L’artiste n’entend pas tout de même se décourager, il a fait le choix de la passion : « Pour l’instant, je vis de la musique et si cela ne marche pas, je trouverai autre chose(Rires) » Il a continué pour dire que la musique, en Haïti, lui a appris à se contenter d’un minimum tout en espérant beaucoup mieux surtout qu’il est dans l’achat des nouveaux matériels : « Ma satisfaction c’est de pouvoir faire tourner la maison avec et aider mes petits frères… » Parlant aussi de ses projets, AlCol a précisé que la fin d’année est consacrée pour la préparation de l’année qui vient et au fait qu’il étudie des possibilités à l’étranger mais on le trouvera sur les réseaux sociaux à continuer les séries où il utilise un pot d’eau et du caoutchouc pour produire un beat.
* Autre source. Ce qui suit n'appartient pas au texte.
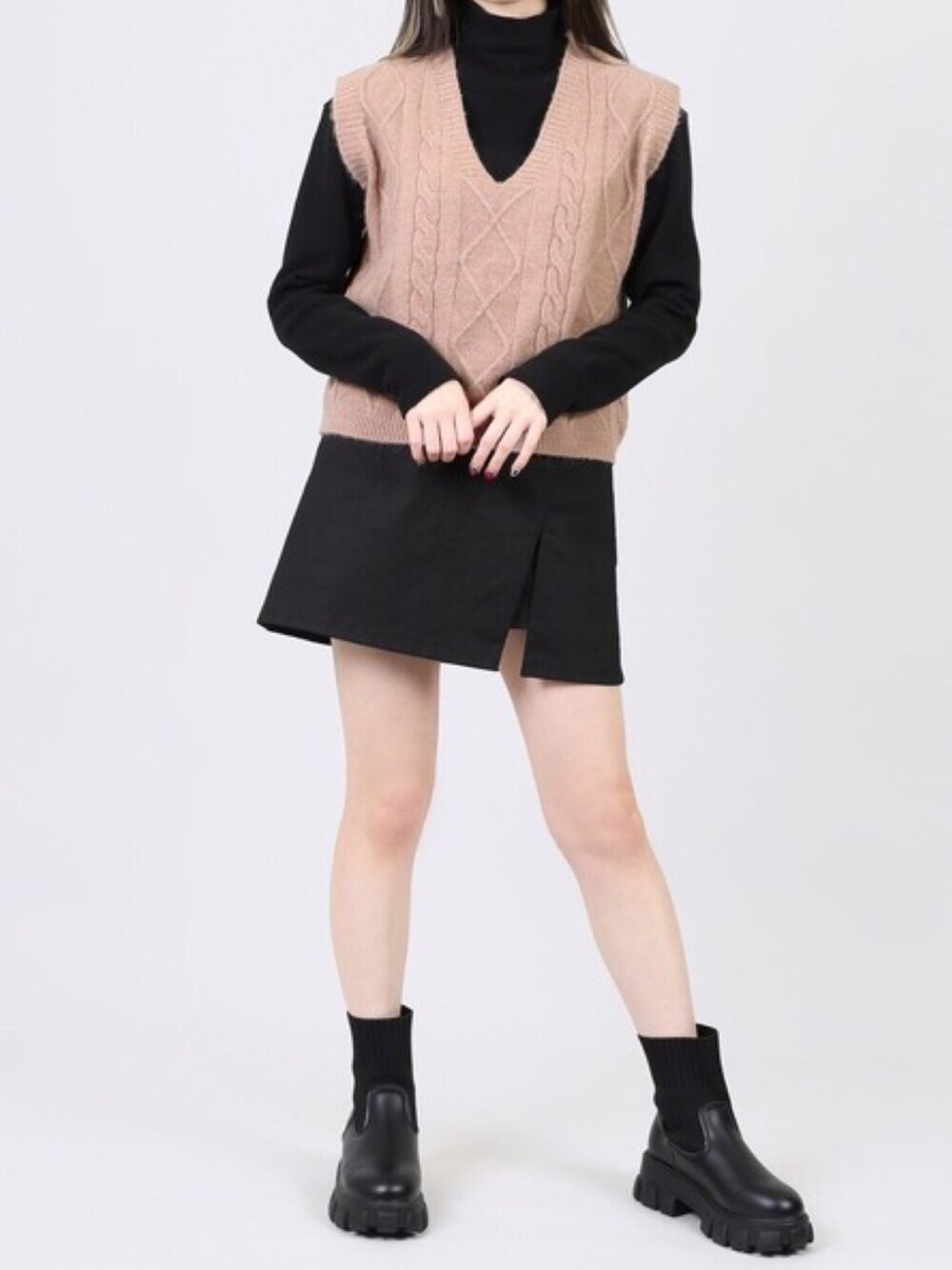 ケーブルニットベスト color:beige/off white/blue size:free ハイネックロングTシャツ color:black/white size:free
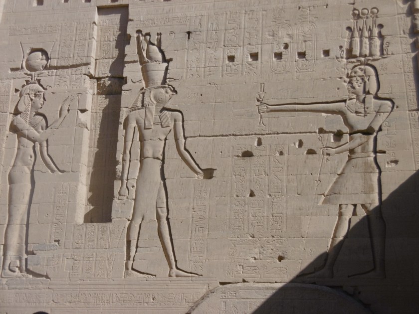 Sur le Pylône, les figures martelées du Pharaon portant les couronnes donne à Hassan l’occasion d’une révision des coiffes, de haute Égypte, Basse Egypte et ptolémaïque qui comporte 3 parties.
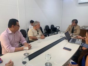 Os defensores públicos, Natalie Brito e Sérgio Barreto Morais, e os servidores, Fabricio Ribeiro Batista e Rafael Souza, reuniram-se na tarde de terça-feira (27), com o secretário Municipal da Pessoa com Deficiencia, Antônio Luiz dos Santos, para apresentarem o novo Núcleo do Idoso e da Pessoa com Deficiência.
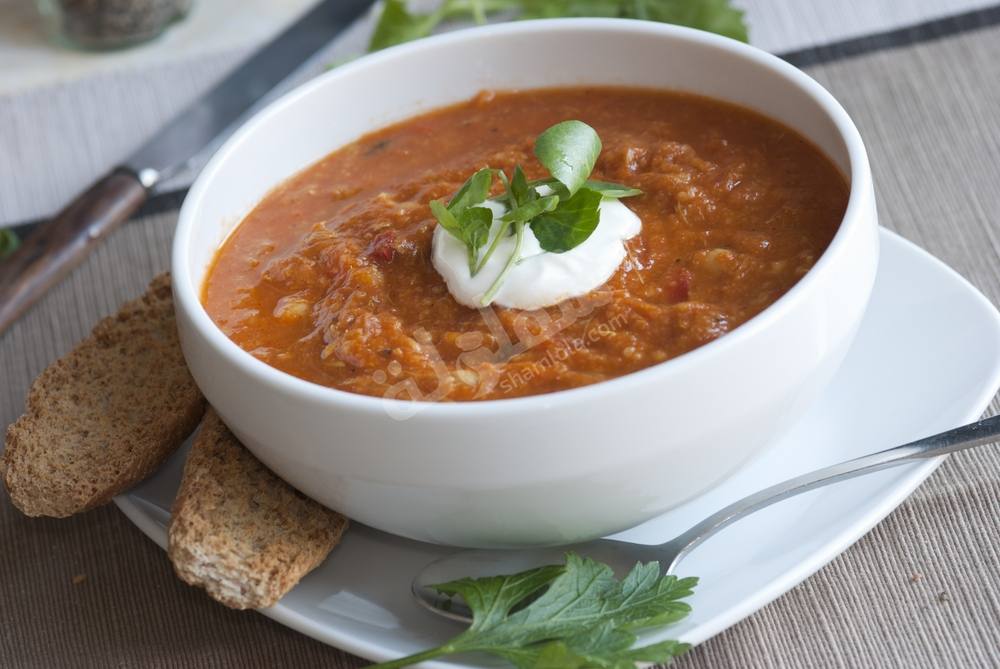 - يهرس الحساء بواسطة محضر الطعام حتى يصبح خليط املس ثم تصفى بمصفى مع الضغط عليها بظهر ملعقة .
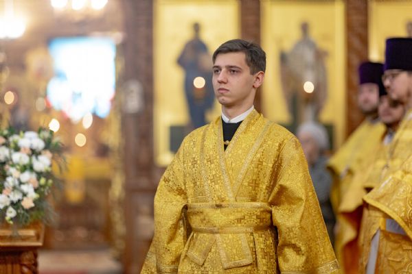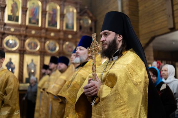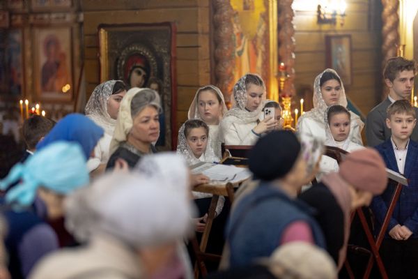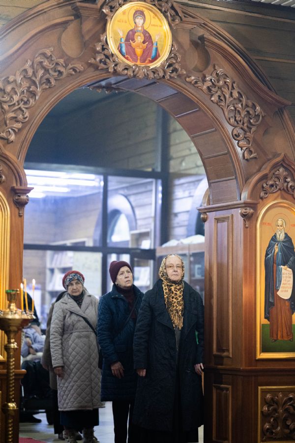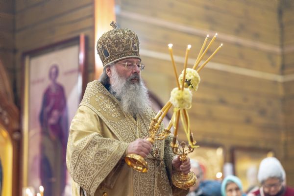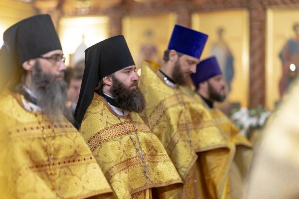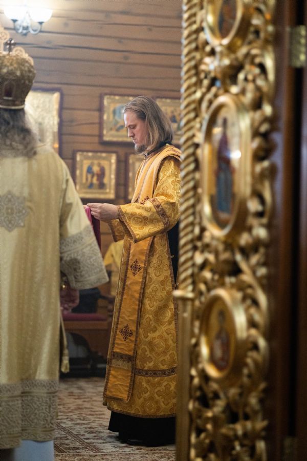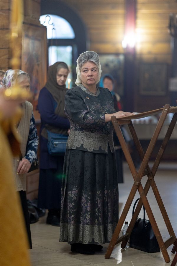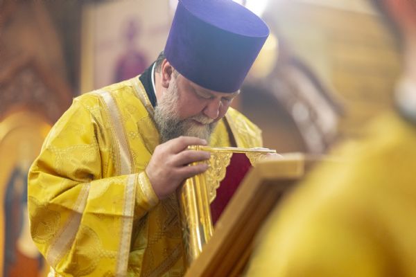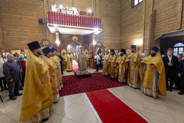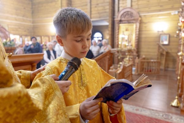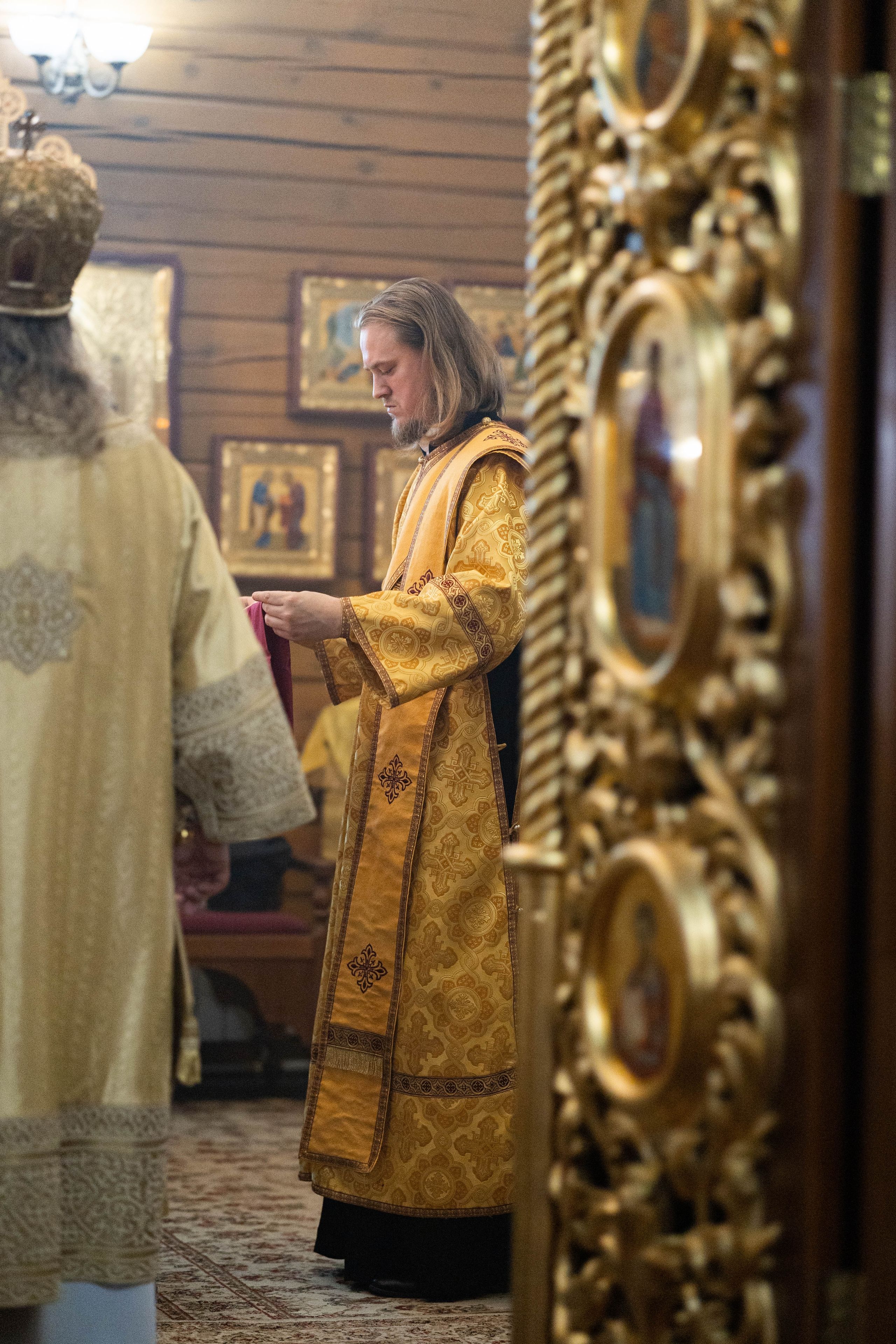 На мирной и сугубой ектениях были вознесены молитвы о Российском воинстве и о мире. По запричастном стихе проповедь произнёс иерей Евгений Марданов. В завершение было совершено славление святителю Тихону, Патриарху Московскому и всея России.
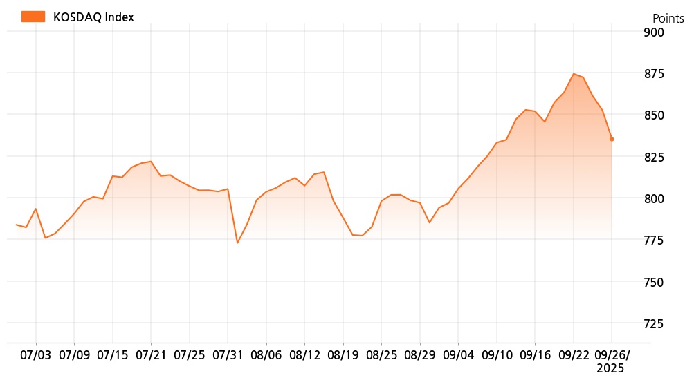 [마감 시황] 기관 매도 늘면서 코스닥 하락세(835p, -17.29p)
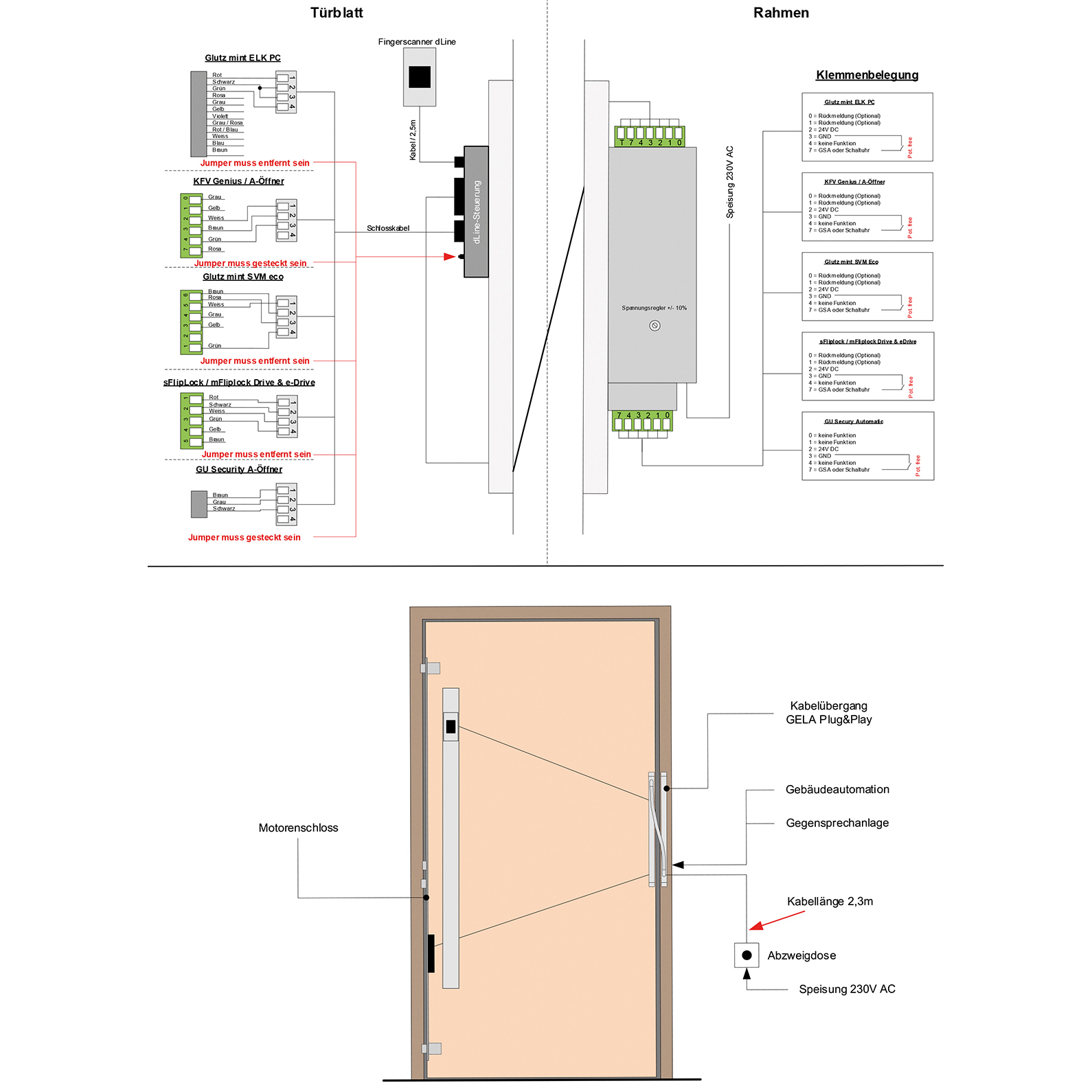 - 1 x Montage- und Anschlussanleitung, zu Zutritts-Set "GELA plug&play dLine"
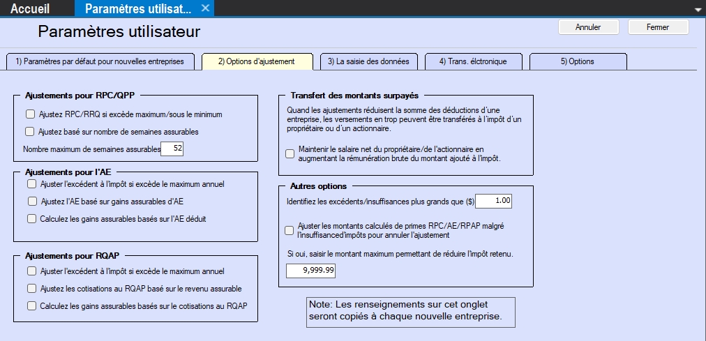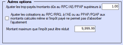 Ajuster les différences RPC/AE/RPAP supérieures à - Des ajustements au RPC/RRQ, à l’AE ou au RPAP/RQAP seront effectués seulement s’ils dépassent la valeur saisie ici. Aucun ajustement ne sera effectué si l’écart entre le montant calculé et le montant saisi pour le RPC/RRQ, l’AE ou le RPAP/RQAP est inférieur ou égal à cette valeur, et les valeurs non ajustées seront indiquées. La valeur par défaut est de 1,00 $.
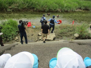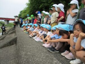 実際に近くの河で、どのような危険なことが起こるのか見せてもらい、子ども達も水の怖さを知りました。とても真剣に観ていて「あぶない!」「《きけん》て書いてあるよ。」と教えてあげる姿も見られました。
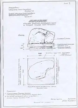 The unhewn stone was successfully transported to St. Petersburg where on 4 September 2002 it was installed on the pedestal. Three more inscriptions were added around the four edges of the base.[21] It was 12 years to the day since the base was put in position.[20] The official inauguration took place on 30 October on the Day in Remembrance of the Victims of Political Repression, which coincided with the 300th Anniversary of St. Petersburg. City Governor Vladimir Yakovlev issued Decree No. 2572-pa, making the Solovki Stone city property[21][22] as of 15 October 2002.
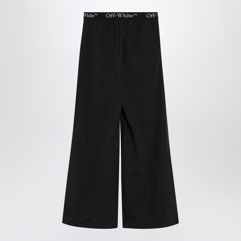 Wide Off-White pants in black nylon, featuring a high elasticized waist with contrasting logo lettering and two side welt pockets.
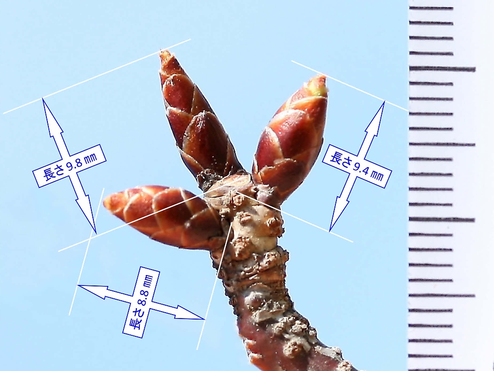 MEMO: 兼六園菊桜の冬芽で、長卵形と砲弾形で、長さは 9 ㎜程度と 伸びてはいないが、先端が割れ、淡黄緑色及び淡紅色が見え始めたところ
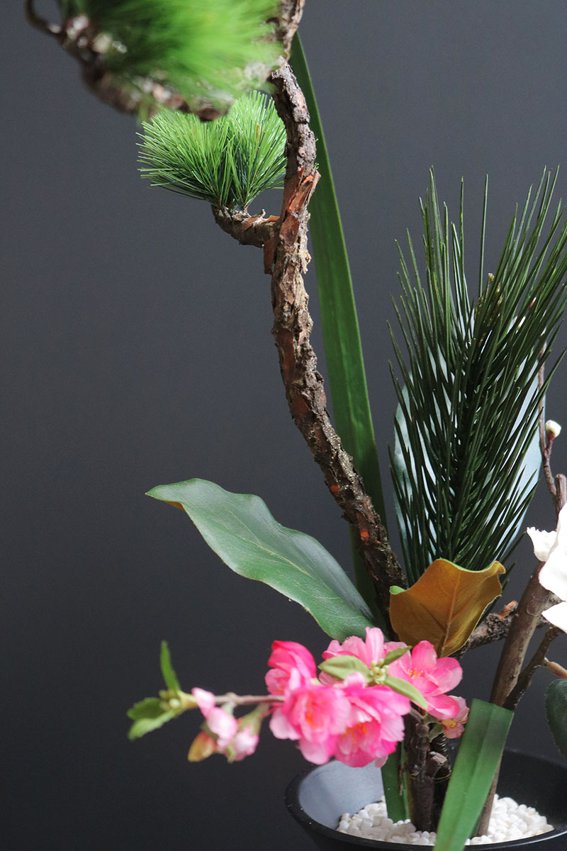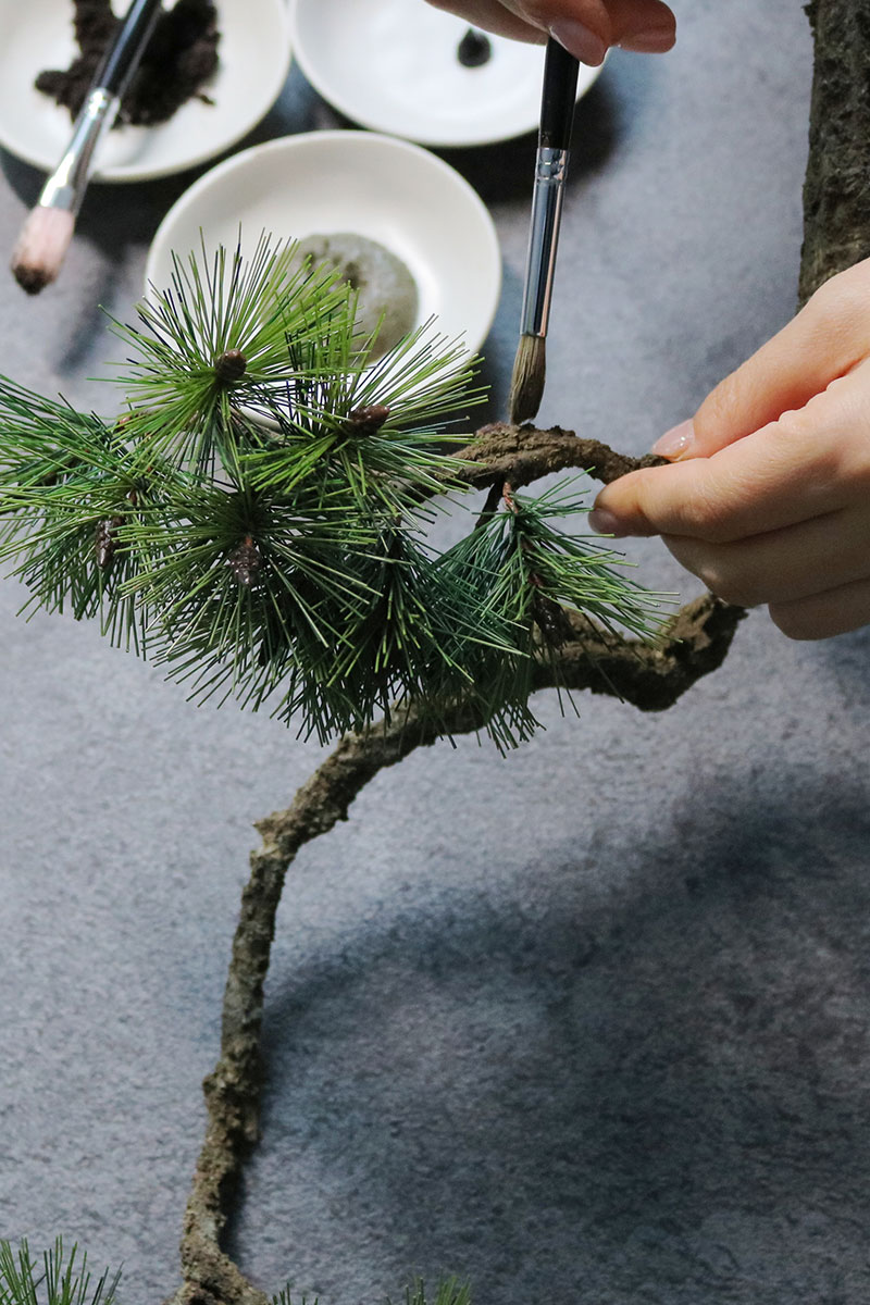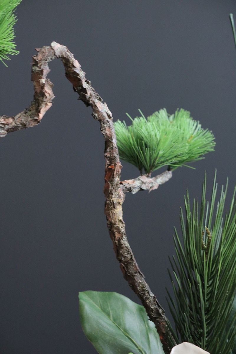 松枝は作家が一本一本手をかけながら丁寧に仕立て、年輪を重ねたような深みのある渋い樹皮まで、繊細に表現しています。

Vous serez étonné sûrement ! Quelle est la formule de ce génie arrivant à faire danser tout un pays deux fois consécutives avec un lap top de deux gig ram et un micro et ce sans piston ? Abrakadabra ! Am, Stram, Gram ! Non… Pour AlCol, il a été question de ne pas croire aux idées préconçues comme quoi pour réussir il faut être médecin, avocat, ingénieur… ; il s’est laissé guider par sa passion l’entrainant sur les rives de la découverte en mode sa bon wi. Le reste de l’histoire, vous le connaissez ! Un créateur génial est né.
Un autre hit arrivera bientôt…
Alain Délisca.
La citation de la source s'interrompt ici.